#### ACTIVITY:
From the entries below, reproduce exactly the lines from the one with "Equation. 3 және" through the one with "Show only on", both included, without images.

#### RECORDS TO USE:
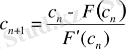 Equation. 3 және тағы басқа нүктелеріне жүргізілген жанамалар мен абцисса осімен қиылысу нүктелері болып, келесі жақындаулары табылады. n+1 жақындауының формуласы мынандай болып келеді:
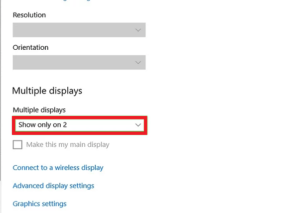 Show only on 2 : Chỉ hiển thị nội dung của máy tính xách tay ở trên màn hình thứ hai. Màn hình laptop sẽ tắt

--

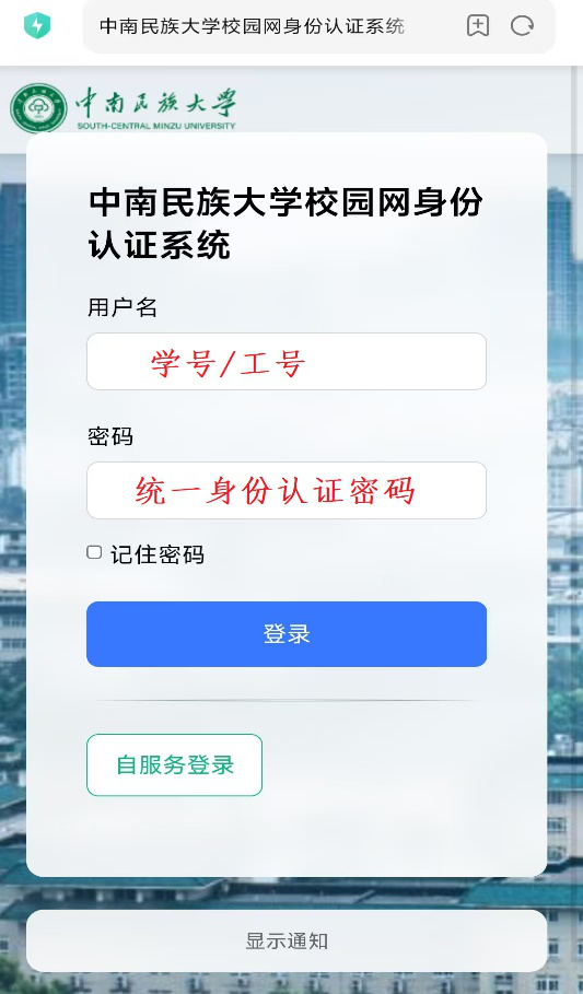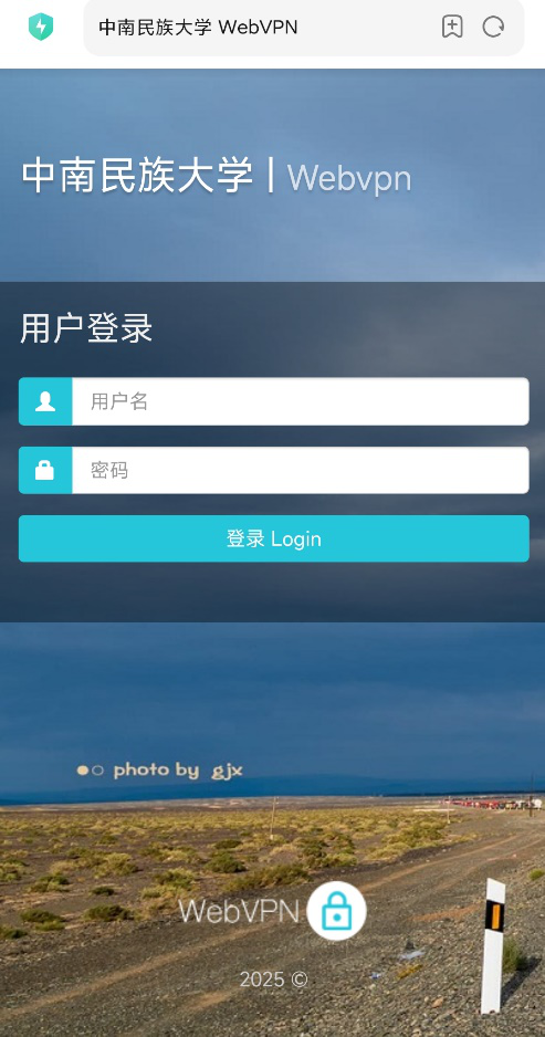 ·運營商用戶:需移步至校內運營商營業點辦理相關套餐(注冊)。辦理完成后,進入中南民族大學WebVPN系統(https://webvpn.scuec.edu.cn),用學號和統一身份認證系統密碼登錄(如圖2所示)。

#### SOLUTION TO THIS EXERCISE:
 Equation. 3 және тағы басқа нүктелеріне жүргізілген жанамалар мен абцисса осімен қиылысу нүктелері болып, келесі жақындаулары табылады. n+1 жақындауының формуласы мынандай болып келеді:
 Show only on 2 : Chỉ hiển thị nội dung của máy tính xách tay ở trên màn hình thứ hai. Màn hình laptop sẽ tắt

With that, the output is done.